SPEAKER_04Yeah, I I find morality an interesting um discussion piece at the moment, and definitely um an element that is uh really missing from life at the moment now that we have become so separated from religion, not that I I also am not um particularly religious in any sense, but I just wonder about how to bring back this uh moral compass or this sort of sense of morality without imposing like a body of rules onto people, you know, how do we how do we encourage it? Is it just kind of like a cultural thing that each individual needs to just work on their own internal morality and that will slowly sort of um like be absorbed into those around them? How do you how do you think that's yeah?
SPEAKER_03I think growing up secular in Australia, morality was a dirty word because you don't want to, like we said, moralizing is repugnant. Um, I don't like to be patronized and told something is moral. Uh I'd like to investigate that myself. Um, but I think in the context that we host it at Small Giants, first of all, you should come to the event. I want to, yeah. I do have that conversation.
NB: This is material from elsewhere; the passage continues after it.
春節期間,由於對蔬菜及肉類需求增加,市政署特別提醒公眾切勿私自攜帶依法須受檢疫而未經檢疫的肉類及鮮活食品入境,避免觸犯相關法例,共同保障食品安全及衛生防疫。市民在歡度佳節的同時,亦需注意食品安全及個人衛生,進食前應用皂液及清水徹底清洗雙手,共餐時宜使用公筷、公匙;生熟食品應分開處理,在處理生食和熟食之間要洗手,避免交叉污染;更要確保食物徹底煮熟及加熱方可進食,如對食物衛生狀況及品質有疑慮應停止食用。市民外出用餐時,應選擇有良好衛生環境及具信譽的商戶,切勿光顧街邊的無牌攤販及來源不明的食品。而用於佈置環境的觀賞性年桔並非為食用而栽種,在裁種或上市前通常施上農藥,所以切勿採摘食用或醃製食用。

Um the thing that I realized as I as I grew older and and I saw the sort of unraveling of the world with the AI platforms that really I think have unraveled our collective ability to make sense of things together.
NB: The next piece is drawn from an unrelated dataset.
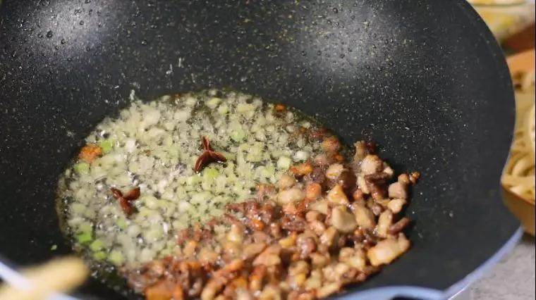 3. 热锅冷油,倒入肉丁,炒至边缘金黄,推至一边

SPEAKER_04Yeah, yeah, I agree.
SPEAKER_03Our collective sense making is very much under threat. Um, and we are all willingly walking into that bonfire. And I'm that is probably the thing that terrifies me the most. Our ability to collectively make sense of anything. Um, and I think being able to be in a deep and rich discussion around what is morality in the 21st century is a worthy conversation to have. Um we can't shy away from it. It's not it's not something that we can leave on the sort of on the floor in the dust as something of the past. We kind of need to get back to the essential oil of the word. Actually, I'd be really curious to know what the etymology of morality is. Can we look at that?
SPEAKER_02Yeah.
SPEAKER_03Like I've looked up morality. This is something I do all the time. My teacher, my teacher, when I was very young, taught me about words and the power and the significance and the potency of these words, and that we use a lot of words that we don't even know the etymology, which means the root of the word. So, morality, principles concerning the distinction between right and wrong or good and bad behavior, a particular system of values and principles of conduct, the extent to which an action is right or wrong. I mean, that seems like something we should be talking about. And it comes from late Middle English, from the old French moralité or late Latin moralitas. But then it doesn't tell us what that what that core word, etymological meaning, directly from the Latin moralitatem, manner or character, from the Latin moralis of manners or morals, a doctrine or system of ethical duties. Huh, from the 1590s. That was just a thing there. So um well, it's a system, it's a system, right? It's it's what are our ethical duties that we all agree upon? Like we agree on traffic lights, red, amber, and green. And we we all just make the assumption that we're gonna stop at red lights, yeah, and go at green lights. So we, you know, and upwards from that, ever more sophisticated, we have to have a kind of agreed upon range of ethical duties that we are accountable to each other. I don't know, that's what I think.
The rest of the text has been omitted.